Natural language processing (NLP) — the AI subfield dealing with machine reading comprehension — isn’t by any stretch solved, and that’s because syntactic nuances can enormously impact the meaning of a sentence or phrase. Consider the paraphrase pairs “Flights from New York to Florida” and “Flights to Florida from New York,” which convey the same thing. Even state-of-the-art algorithms fail to distinguish them from a snippet like “Flights from Florida to New York,” which has a different meaning.

Google thinks a greater diversity of data is one of the keys to solving hard NLP problems, and to this end, it’s today releasing two new corpora: Paraphrase Adversaries from Word Scrambling (PAWS) in English. Alongside PAWS, it’s making available an extension — PAWS-X — to six typologically distinct languages: French, Spanish, German, Chinese, Japanese, and Korean. Both data sets contain “well-formed” pairs of paraphrases and non-paraphrases, which Google says can improve algorithmic accuracy in capturing word order and structure from below 50% to between 85% and 89%.

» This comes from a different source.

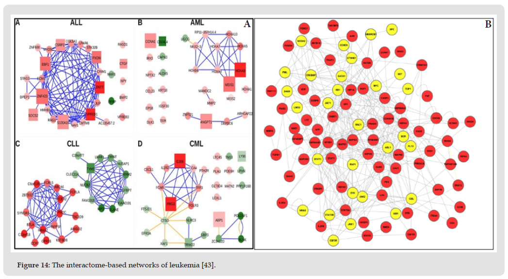 Moreover, following the clinical aims and objectives of the next step generation and having a complete understanding of a drug’s pathway, interactome, and network interactions could expedite the identification of sensitizing mutations, drug interactions, or the risks of drug combinations to guide biomarker discovery, including simple, combinatorial, and network-based biomarkers (NBBs). Today the experts may also identify specific pathways and interactome-based networks involved in diseases for which drugs have not yet been explored in appropriately designed trials, and being set up for: normal (physiological) and pathological conditions (Figures 14A & 14B). Great efforts have been undertaken in search of diagnostic biomarkers of leukemia. But individual molecules are not necessarily sensitive diagnostic indicators. Network biomarkers (NBBs) are considered to outperform individual molecules in disease characterization. The final network was further integrated with gene expression profiles to identify active modules with leukemia relevance. And the candidate NBB was evaluated for the diagnosing performance. A network of 97 genes and 400 interactions was identified for accurate diagnosis of leukemia. Functional enrichment analysis revealed that the network biomarkers were enriched in pathways in cancer. The NBBs could discriminate leukemia samples from the normal controls more effectively than the known biomarkers. The NBBs provide a useful tool to diagnose leukemia and also aids in further understanding the molecular basis of leukemia.

The PAWS dataset contains 108,463 human-labeled pairs in English sourced from Quora Question Pairs (QQP) and Wikipedia pages. As for PAWS-X, it comprises 23,659 human translated PAWS evaluation pairs and 296,406 machine-translated training pairs.

“[It] is hard for machine learning models to learn [certain patterns] even if they have the capability to understand complex contextual phrasings,” wrote Google research scientist Yuan Zhang and software engineer Yinfei Yang in a blog post. “The new datasets provide an effective instrument for measuring the sensitivity of models to word order and structure.”

PAWS introduces a workflow for producing sentence pairs that share a number of words in common. To create new examples, phrases pass through a model that creates variants that might or might not be paraphrase pairs. Then, they’re judged by individual human raters for grammaticality, after which a team determines whether they’re paraphrases of each other. To avoid producing pairs that aren’t paraphrases, examples are added based on back-translation (a translation of a translated text back into the language of the original text), which helps to preserve meaning while introducing variability.

PAWS-X required hiring human interpreters to translate the development and test data sets. A machine learning model translated the training set, and humans performed tens of thousands of translations on random sample pairs for each of the aforementioned languages. A subset was validated by a second worker, resulting in a final corpus with a word-level error rate less than 5%.

To evaluate the corpora’s impact on NLP accuracy, the researchers trained multiple models on them and measured the classification accuracy. Two models — BERT and DIIN — show “remarkable” improvement compared with a baseline, with BERT’s accuracy improving from 33.5% to 83.1%.

“It is our hope that these datasets will be useful to the research community to drive further progress on multilingual models that better exploit structure, context, and pairwise comparisons,” wrote Zhang and Yang.